那天早上她起来就说身上不得劲,头昏,嗓子疼,像有什么东西堵着。
王老爹让她躺下歇着,她去灶房熬了碗姜汤,端过来看着她喝下去,说发发汗就好了。
第二天烧起来了。
人烧得糊涂,说胡话,一会儿喊冷,一会儿喊热,被子掀了盖,盖了掀。
王老爹坐在炕沿上,一夜没合眼。
天快亮的时候,她清醒了一会儿,看着他说,
“他爹,给我抓副药吧....”
他蹲在炕边,低着头,没吭声。
药贵得很,一副就要五十文。
人家说了,这是时疫的药,都这个价,爱抓不抓。
他没去。
就这么日日喝姜汤拖着,拖到第九天夜里,王老娘不烧了。
她的手凉下来的时候,王老爹还以为她是睡着了。
他伸手去探她的鼻息,探了好一会儿,什么都没探到。
他就那么蹲在炕边,蹲了一夜。
天亮的时候,窗纸发白了,鸡叫了,他站起来,腿都蹲麻了。
他去把王大牛叫起来,说,
“你娘走了。”
王大牛愣了半晌,然后蹲在地上,抱着头,肩膀一耸一耸的,很是难过的样子。
刘大红站在灶房门口,手里还拿着锅铲,她看着那间屋,看了好一会儿,转身回去继续搅粥。
那天王家的烟囱还是冒烟的。
死了的人死了,活着的人还得活。
王老爹蹲在檐下,嘬着空烟杆,望着那间空了十七天的屋子。
门虚掩着,里头黑洞洞的,什么也看不见。
窗纸破了个洞,也没人补。
他有时候会恍惚,觉得王老娘还在里头,坐在炕沿上,凑着窗户那点光,一针一针地缝着什么。
缝一会儿,停下来,把针在头发上篦一篦,再接着缝。
听见他咳嗽,她会抬起头,说一句,又抽你那破烟,呛死个人。
现在没人说了。
他把烟杆从嘴里拿出来,看了看,又塞回去。
下河村死了十七口,绝户的都有。
他们家只死了一个。
还没花钱,村里多的是买了药草还是没治好的人,一副副药灌下去,人还是没了,钱也白花了。
这样说起来,他家还算好的。
他这么想着,心里头那点堵着的劲儿,好像松快了些。
省下的药钱,够再买许多粮食,够吃好些日子。
他没算错这个账....
-
脚步声从院门口传来。
王老爹抬起头,看见刘大红走进来。
“周府没人。”
刘大红声音平平的,早上出门时那股子火气已经因为长途跋涉冲淡了许多。
每回找王老爹要钱,王老爹就总说要问问珍丫头的意思,今个儿已经是刘大红去周府找王巧珍的第三次了。
“什么?”
“我说周府没人。”
“大门还关着,锁得严严实实的,我敲了半晌都没人应,旁边铺子的人说,大老爷一家子早走了,走了快两个多月了。”
“走了?去哪儿了?”
“我怎么知道去哪儿了?说是一有时气就走了,带着一家老小,赶着马车,去外面躲时疫了。”
刘大红看着他,眼神里没什么温度。
“你那好闺女,是个享福的,一有时气人家大老爷就给带走了,吃香喝辣,不用跟我们一样在村子里等死。

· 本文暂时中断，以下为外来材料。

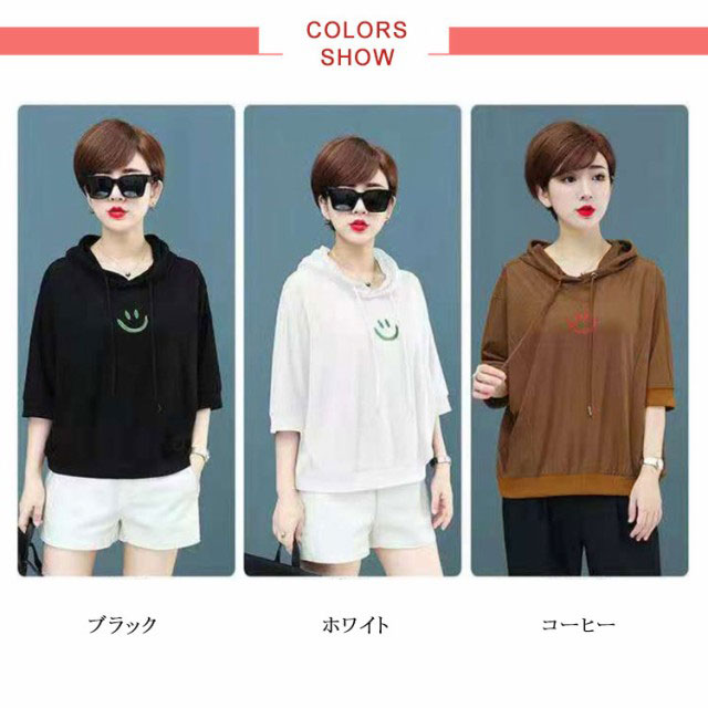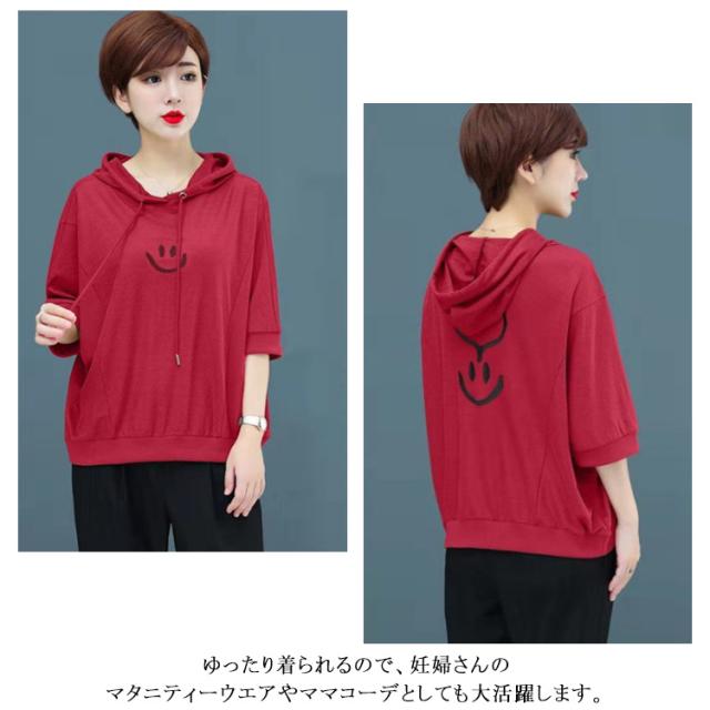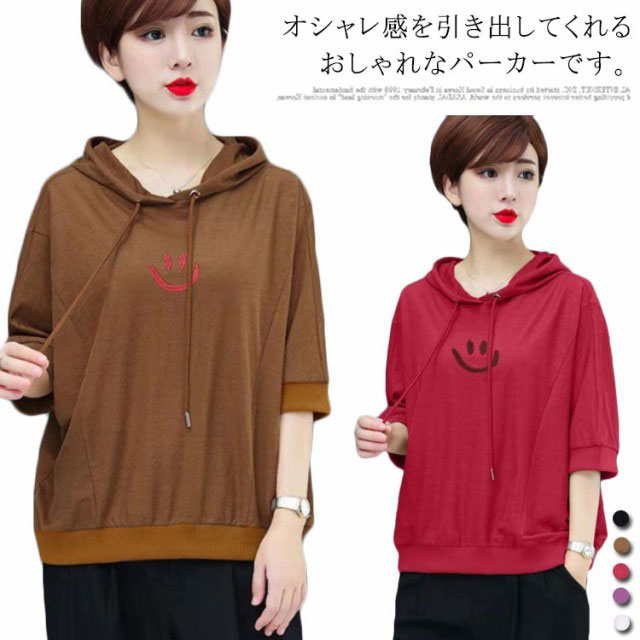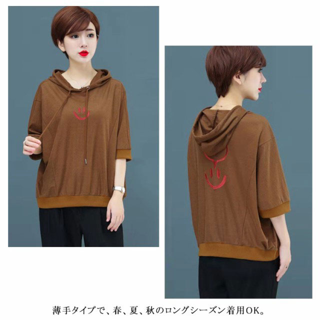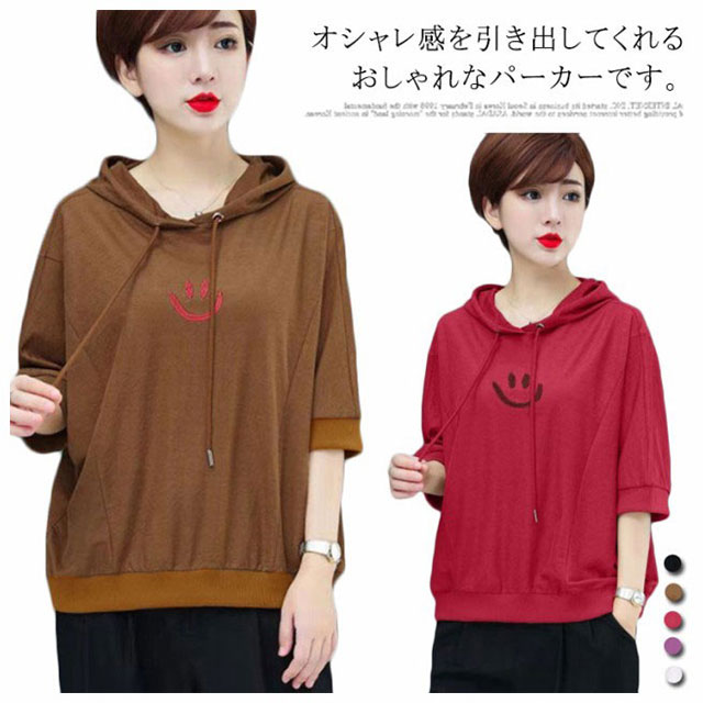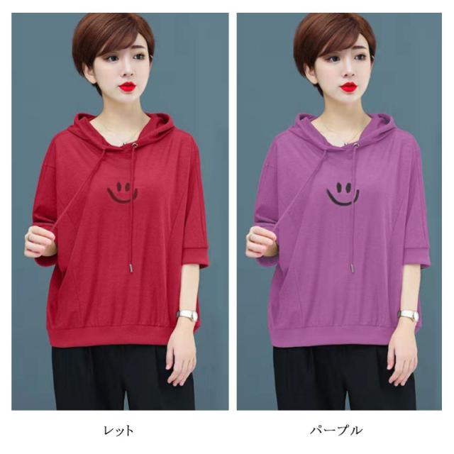 全5色×6サイズ!ゆったりバットスリーブパーカー 夏服 Tシャツ レディース プルパーカー ライトスウェット プルオーバー スウェットパーカー トップス 無地 大きサイズ 可愛い

”
王老爹不吭声。
刘大红接着说,
“爹,我都去了三回了,那十八两银子,能动了吗?”
“....”
“再等等。”
“还在等什么?周府人都走了,门锁着,你等到啥时候去?”
“等珍丫头回来。”
刘大红笑了。
“她娘死了她都不回来,连个头七都不回来,人家过了好日子,想不起你们了,还回来做什么?”
王老爹又沉默。
“爹。”
刘大红往前走了一步,声音硬起来。
“那万一她要是不回来呢?万一人家大老爷在外头置了宅子,不回来了呢?
那十八两银子,你就这么干等着,捂在你怀里生蛆吗?!”
这时王大牛从院门外进来的时候,正好听见最后那句话。
“大红!”
他几步跨过来,嗓门里头带着火气,
“你咋跟爹说话呢?”
刘大红转过头看着他。
“我咋说话?”
刘大红的声音尖起来,
“你问问你爹我咋说话!我去了三趟了!三趟!腿都跑细了,人家周府连个人毛都没有,他还要我等,等那个不回来的死丫头!”
“大红!”
王大牛上前一步,一把抓住她的胳膊,
“你嘴上积点德行不行?那是我妹子!”
“你妹子?我呸!”
刘大红甩开他的手,笑了。
那笑声刺耳得很,惊得墙头上的麻雀扑棱棱飞起来。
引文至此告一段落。